• _Exercise_
Repeat the listing exactly, minus the pictures.

• _Data excerpt_
····················
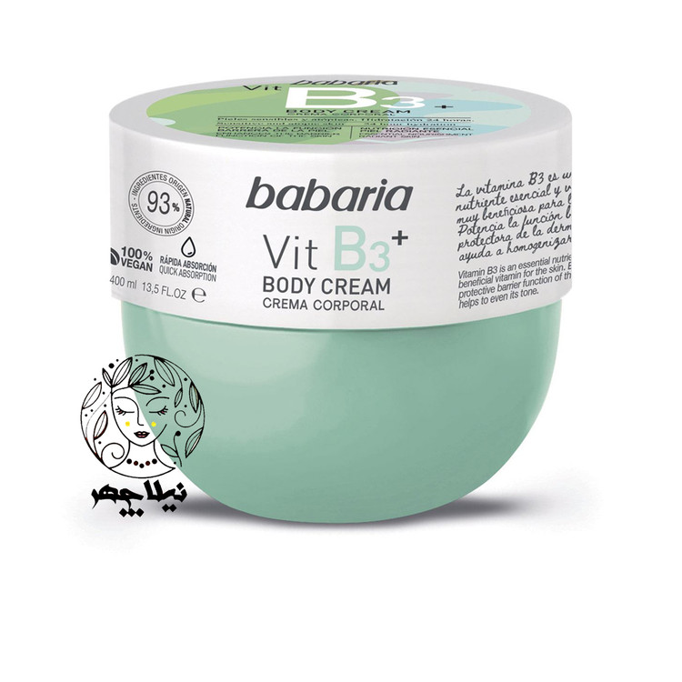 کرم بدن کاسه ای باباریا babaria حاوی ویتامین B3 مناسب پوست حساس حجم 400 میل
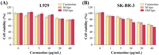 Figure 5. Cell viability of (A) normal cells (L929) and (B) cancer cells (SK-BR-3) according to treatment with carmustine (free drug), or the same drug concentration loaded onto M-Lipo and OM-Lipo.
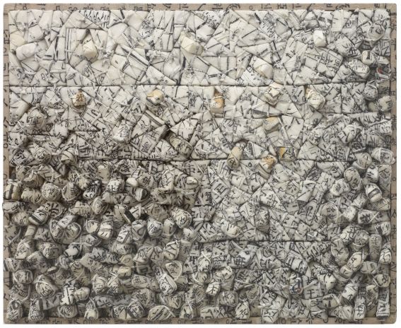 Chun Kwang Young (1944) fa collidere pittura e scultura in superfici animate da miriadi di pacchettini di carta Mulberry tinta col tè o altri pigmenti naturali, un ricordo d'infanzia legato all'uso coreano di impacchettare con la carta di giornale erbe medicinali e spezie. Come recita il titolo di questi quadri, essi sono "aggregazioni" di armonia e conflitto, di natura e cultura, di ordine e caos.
····················
• _The completed task_
 کرم بدن کاسه ای باباریا babaria حاوی ویتامین B3 مناسب پوست حساس حجم 400 میل
 Figure 5. Cell viability of (A) normal cells (L929) and (B) cancer cells (SK-BR-3) according to treatment with carmustine (free drug), or the same drug concentration loaded onto M-Lipo and OM-Lipo.
 Chun Kwang Young (1944) fa collidere pittura e scultura in superfici animate da miriadi di pacchettini di carta Mulberry tinta col tè o altri pigmenti naturali, un ricordo d'infanzia legato all'uso coreano di impacchettare con la carta di giornale erbe medicinali e spezie. Come recita il titolo di questi quadri, essi sono "aggregazioni" di armonia e conflitto, di natura e cultura, di ordine e caos.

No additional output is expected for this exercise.